En février 2026, le réseau des autoroutes transafricaines totalise 56 683 km et compte désormais plus de 50 % de sections asphaltées. Sur les neuf corridors prévus depuis 1971, un seul est annoncé comme entièrement achevé.
Pensé il y a plus de 50 ans par la Commission économique des Nations unies pour l’Afrique (CEA/UNECA), la Banque africaine de développement (BAD/AfDB) et l’Union africaine, ce réseau vise à relier le continent du nord au sud et de l’est à l’ouest. L’idée est simple, des routes continues pour réduire les temps de transport, faciliter les échanges et rendre les marchés plus proches les uns des autres.
Le corridor TAH 5 (Transsahélien), long de 4 496 km entre Dakar (Sénégal) et N’Djamena (Tchad), est présenté comme le seul itinéraire entièrement complet. Le TAH 2 (Transsaharien), Alger–Lagos (4 500 km), est décrit comme proche de l’achèvement.
Là où ça bloque : frontières, financements et sécurité
Plusieurs axes restent freinés par des problèmes concrets. Le TAH 4 (Le Caire–Le Cap), qui doit couvrir 10 228 km, est encore en chantier. L’Égypte annonce avoir terminé sa portion de 1 155 km, mais des retards persistent au Soudan, en Zambie et en Tanzanie.
Le TAH 1 (Le Caire–Dakar) est largement avancé le long des côtes méditerranéenne et atlantique, mais la fermeture de la frontière Algérie–Maroc empêche un passage continu, donc un trajet transcontinental simple.
À l’est, le TAH 8 (Lagos–Mombasa) fonctionne sur sa moitié orientale, notamment via le Kenya et l’Ouganda. Le problème est au centre : un « chaînon manquant » en RDC rend la traversée du corridor difficile dans la pratique.

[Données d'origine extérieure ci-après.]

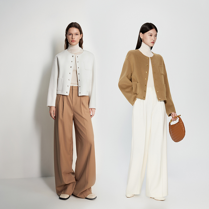 小香风单排扣圆领减龄羊毛呢外套 韩版 双面羊绒大衣女短款 2025新款

En Afrique de l’Ouest, le corridor Abidjan–Lagos (1 028 km) doit entrer en construction en 2026, avec une fin annoncée pour 2030.
Au-delà des chantiers, trois freins reviennent : le financement, la sécurité et l’état des routes anciennes. En 2026, huit pays africains sont cités en situation de détresse de dette, ce qui pousse une partie des recettes vers le service de la dette plutôt que vers les infrastructures. Les conflits et les événements climatiques extrêmes, surtout en Afrique centrale, continuent aussi d’abîmer des tronçons et de retarder les travaux.